Miss Powell submitted that in November 2009 Mr Gutermann did not appreciate how much Mr Hartley had taken. I accept that. He did know that Mr Hartley had been embezzling substantial sums. He chose for his own reasons not to dismiss Mr Hartley, but to employ him under a new contract. Even when he must have had a much clearer idea of the sums involved he did not dismiss him. So the contract continued, and Mr Hartley is entitled to enforce his rights under it however unmeritorious his conduct may have been or continued to be.

26.

I conclude therefore that Mr Hartley has a right to bonus or commission, the terms of which will have to be determined by the court. It seems to me at present that broadly that can be expressed as whatever is most reasonable in all the circumstances: but I heard no argument as to that. It may well be that the court’s task will not be easy.

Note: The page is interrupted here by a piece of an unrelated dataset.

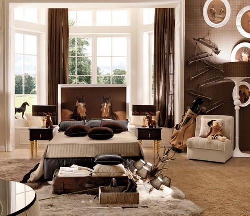 Коричневой цвет мебели для детской отлично будет сочетаться с голубыми, розовыми или персиковыми обоями. А яркие акценты на шторах, покрывале, детском постельном белье, а также картины и рисунки на стенах светло-коричневой гаммы замечательным образом украсят детскую комнату, наполнив радостью и веселым настроением. Выгодным решением в детской комнате будет сочетание коричнево-оранжевой гаммы оттенков.

But if the law has set it a difficult task, so be it.

27.

I return to the question which I raised earlier as to whether Mr Hartley is not able to put his case in this way because a claim for a reasonable commission, a commission on a quantum meruit basis, was not raised in his pleading. He drafted his own pleadings, but he was represented by counsel at trial. I approach the question with the over-riding objective stated in CPR 1.1 in mind, namely to deal with cases justly. I was not referred to any authorities as to how I should approach the question, and I do not complain about that. I have however considered the Court of Appeal’s guidance as to the principles on which the court will exercise its discretion to give permission to amend in Swain-Mason v Mills & Reeve [2011] EWCA Civ 14, [2011] 1WLR 2735.

28.

Unlike the situation in the majority of cases relating to amendment of pleadings and in Swain-Mason, here there are no new facts being raised, there is no question of an adjournment, there is no question of costs of substance arising by reason of the submission not having been raised earlier. The question is one as to the correct legal outcome following findings of fact on matters that were fully investigated at the trial. Contrary to Miss Powell’s submission I do not think that cross-examination would have been materially different if Mr Newman’s opening oral submissions had considered the possibility of a quantum meruit. In addition to a claim for bonus in the period in question not having been pleaded earlier, it is still not pleaded and no application to amend was made. However, given that the matter was fully raised in Mr Newman’s written submissions for the further argument, an amendment would have achieved nothing save additional costs. So, in the unusual situation which has developed, I have concluded that Mr Hartley should be permitted to put his case in this way rather than being deprived of the claim. I consider that there is no unfairness to the claimants of any real substance in his being allowed to do so.

29.

The assessment of what money Mr Hartley is entitled to in respect of this period will form part of Phase 2, as would always have been the case. Further directions will be required, which I hope can be agreed between counsel.